A spoonerism is an occurrence in speech in which corresponding consonants, vowels, or morphemes are switched (see metathesis) between two words in a phrase. These are named after the Oxford don and ordained minister William Archibald Spooner, who reputedly did this.

They were already in use by the 16th century by the author François Rabelais and called . In his novel Pantagruel, he wrote  ("insane woman at mass, woman with flabby buttocks").

An example is saying "The Lord is a shoving leopard" instead of "The Lord is a loving shepherd" or "runny babbit" instead of "bunny rabbit." While spoonerisms are commonly heard as slips of the tongue, they can also be used intentionally as a play on words.

Etymology 

Spoonerisms are named after the Reverend William Archibald Spooner (1844–1930), Warden from 1903 to 1924 of New College, Oxford, who was notoriously prone to this mistake.
The Oxford English Dictionary records the word as early as 1900.
The term spoonerism was well established by 1921. An article in The Times from that year reports that:
The boys of Aldro School, Eastbourne, ... have been set the following task for the holidays: Discover and write down something about: The Old Lady of Threadneedle-street, a Spoonerism, a Busman's Holiday...
An article in the Daily Herald in 1928 reported spoonerisms to be a "legend". In that piece Robert Seton, once a student of Spooner's, admitted that Spooner:

...made, to my knowledge, only one "Spoonerism" in his life, in 1879, when he stood in the pulpit and announced the hymn: 'Kinkering Kongs their Titles Take' ["Conquering Kings their Titles Take"]...Later, a friend and myself brought out a book of "spoonerisms"'

In 1937, The Times quoted a detective describing a man as "a bricklabourer's layer" and used "Police Court Spoonerism" as the headline.

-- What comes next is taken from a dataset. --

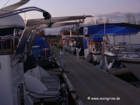 Im Hafen war so langsam die Weihnachtsbeleuchtung auf den Booten abgebaut

A spoonerism is also known as a marrowsky or morowski, purportedly after an 18th-century Polish count who suffered from the same impediment.

Examples 

Most of the quotations attributed to Spooner are apocryphal; The Oxford Dictionary of Quotations (3rd edition, 1979) lists only one substantiated spoonerism: "The weight of rages will press hard upon the employer" (instead of "rate of wages"). Spooner himself claimed that "The Kinquering Congs Their Titles Take" (in reference to a hymn) was his sole spoonerism. Most spoonerisms were probably never uttered by William Spooner himself but rather made up by colleagues and students as a pastime. Richard Lederer, calling "Kinkering Kongs their Titles Take" (with an alternative spelling) one of the "few" authenticated Spoonerisms, dates it to 1879, and he gives nine examples "attributed to Spooner, most of them spuriously." They are as follows:

"Three cheers for our queer old dean!" (while giving a toast at a dinner, which Queen Victoria was also attending)
"Is it kisstomary to cuss the bride?" (as opposed to "customary to kiss")
"The Lord is a shoving leopard." (instead of "a loving shepherd")
"A blushing crow." ("crushing blow")
"A well-boiled icicle" ("well-oiled bicycle")
"You were fighting a liar in the quadrangle." ("lighting a fire")
"Is the bean dizzy?" ("Dean busy")
"Someone is occupewing my pie. Please sew me to another sheet." ("Someone is occupying my pew. Please show me to another seat.")
"You have hissed all my mystery lectures. You have tasted a whole worm. Please leave Oxford on the next town drain." ("You have missed all my history lectures. You have wasted a whole term. Please leave Oxford on the next down train.")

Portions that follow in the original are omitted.